[Items listed in a dataset]

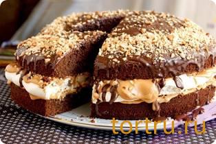Сникерс - Три слоя настоящего шоколадного бисквита, пропитаного сахарным сиропом и две прослойки крема. Карамельный с орешками (из варёнки со сливочным маслом) и крем из взбитых сливок. Нравится абсолютно всем любителям шоколада.
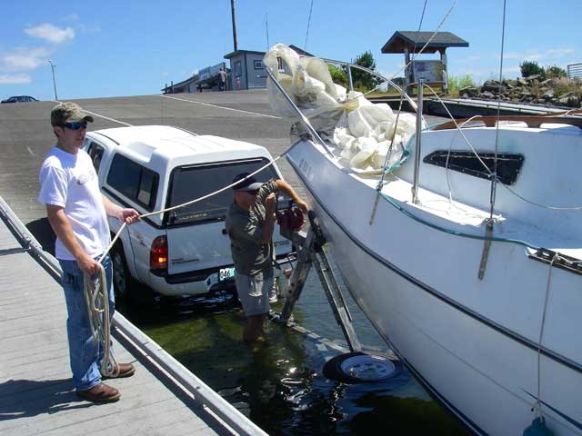 The wind was blowing pretty well - probably up to 15mph some times. We launched the boat on the lee side of the docks and she has so much freeboard, she almost pulled me into the water just from the force of the wind on her sides.
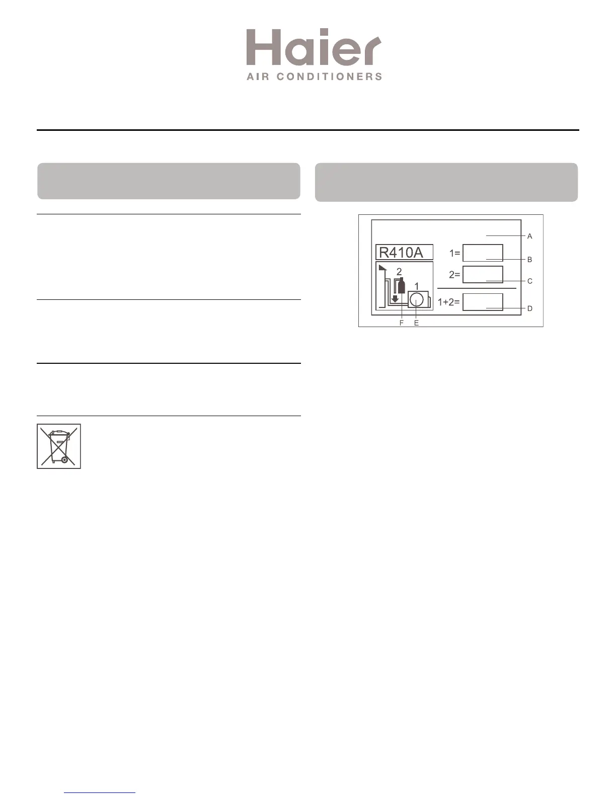 • 1+2 charge totale de réfrigérant sur l’étiquette de charge de
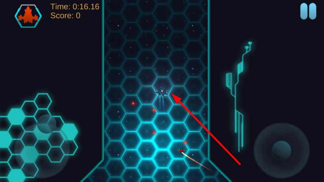 驾驶飞船在六边形网格构成的空间中穿梭,避开敌人的攻击,破坏发电设施以关闭激光屏障,以最快速度到达终点。
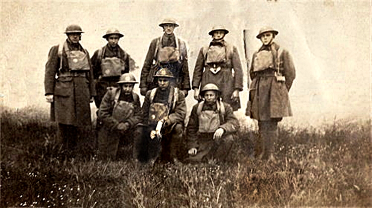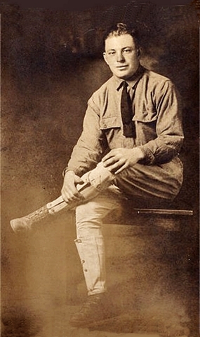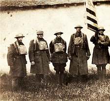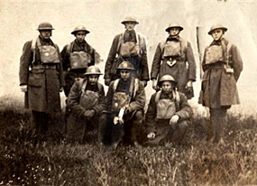 George was in the Army in 1918 during World War I. Here he's with other soldiers, back row, fourth from the left - notice his flag carrier. Second photo George is the flag bearer. Click photos to see larger, but the phoro on the left was enlarged a little, to see original size Click here
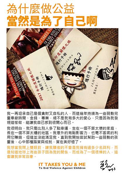 參加3月10日EVAC《漫漫回家路》電影公益場,以及4月29日「終止兒童受暴 你我挺身做到」音樂分享會,
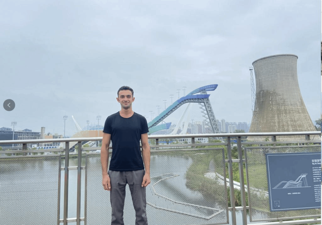 阿塞拜疆留学生Farhad在冬奥会滑雪大跳台前留影
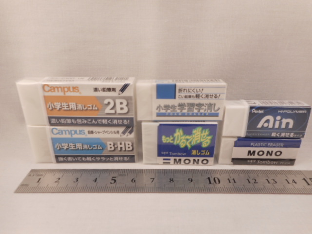各種消しゴムの大きさは、画像順に記載通りとなります (外寸)
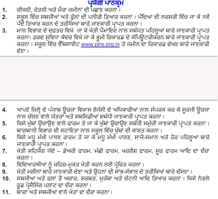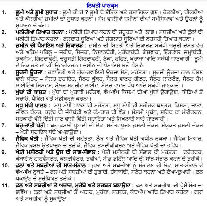 PSEB Class 8 Agriculture Syllabus 2024-25
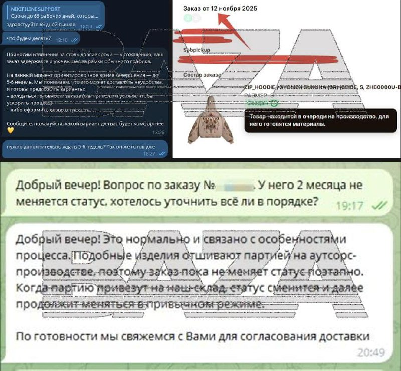Покупатели бренда NIKIFILINI попали в бесконечный цикл ожидания. Многие оформили заказы ещё в начале ноября во время большой распродажи 11.11, тогда производитель обещал отшить вещи за 30–65 дней и отправить людям. Но сроки вышли, а статусы заказов так и не сдвинулись с мёртвой точки.
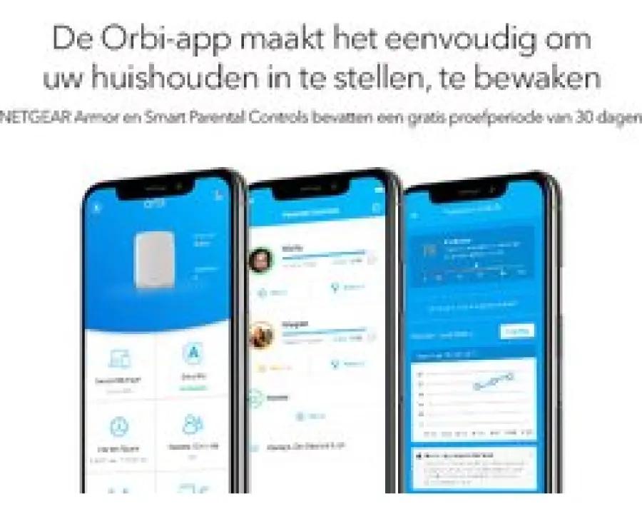 Het installeren en beheren van je netwerk is een fluitje van een cent dankzij de gebruiksvriendelijke Orbi app. Hiermee heb je ook handige functies zoals ouderlijk toezicht, gastnetwerk en Quality of Service (QoS) binnen handbereik. Bovendien beschermt de ingebouwde Netgear Armor beveiligingssuite je netwerk tegen online bedreigingen, zodat je altijd veilig online bent. De Orbi RBK762S is bovendien compatibel met Amazon Alexa en Google Assistant, waardoor je je wifi eenvoudig met je stem kunt bedienen.
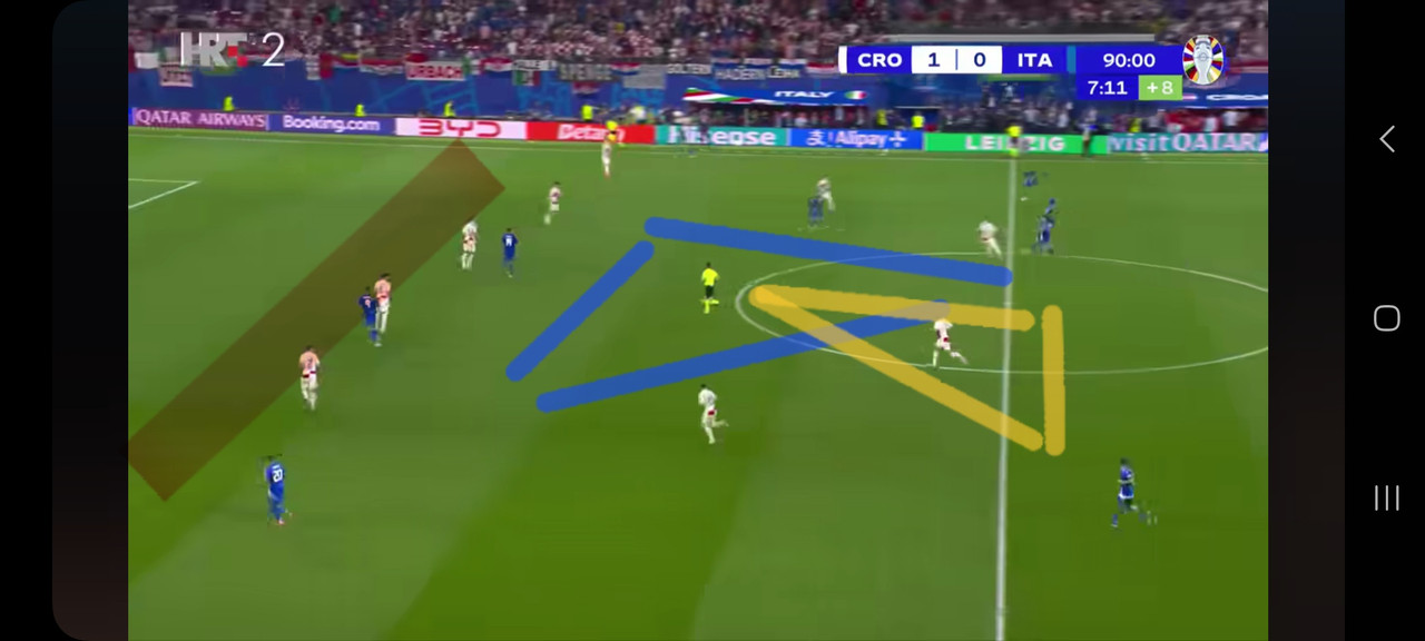 Zadnja linija odlicno stoji, 5 u liniji, po 2 igrača su u sekundi na Talijanu (ovo narančasto).
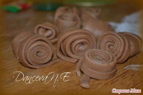 Делим тесто на 2-3 части. Из одной части раскатываем прямоугольник толщиной 2 мм. По длиной стороне прямоугольника нарезаем длинные, тонкие полоски в кол-ве от 5 до 10 шт. Скручиваем полоски в спираль.
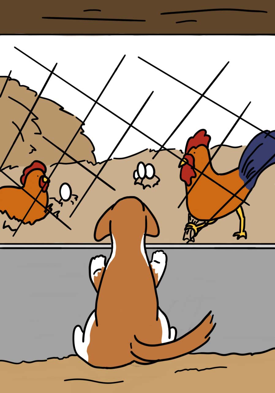 닭장 앞에서 반가운 듯 꼬리를 마구 흔들고 있었습니다.
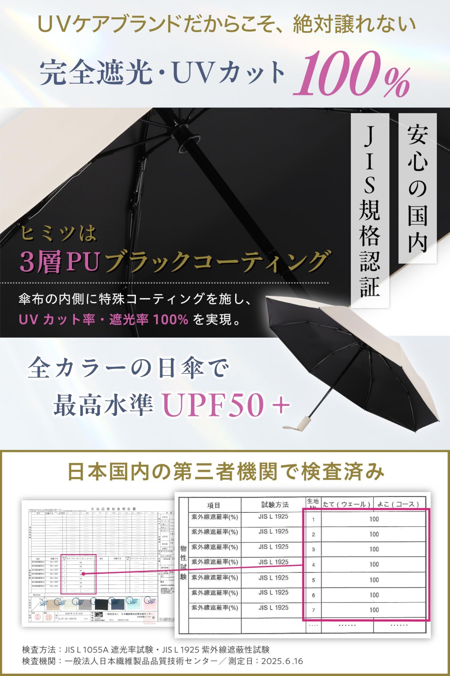 【国内第三者検査機関にてUVカット率100%の実証済】日本の国家規格、JIS規格1925にてUVカット率100%を実証。JIS規格1055にて遮光率100%の実証済み!完全遮光の最高級日傘です。

- Work task -
Look above for the line with "PSEB Class 8 Agriculture Syllabus 2024-25" and the line with "Покупатели бренда NIKIFILINI", then copy exactly the lines from the first through the second, both kept, with no pictures.

- Task result -
 PSEB Class 8 Agriculture Syllabus 2024-25
Покупатели бренда NIKIFILINI попали в бесконечный цикл ожидания. Многие оформили заказы ещё в начале ноября во время большой распродажи 11.11, тогда производитель обещал отшить вещи за 30–65 дней и отправить людям. Но сроки вышли, а статусы заказов так и не сдвинулись с мёртвой точки.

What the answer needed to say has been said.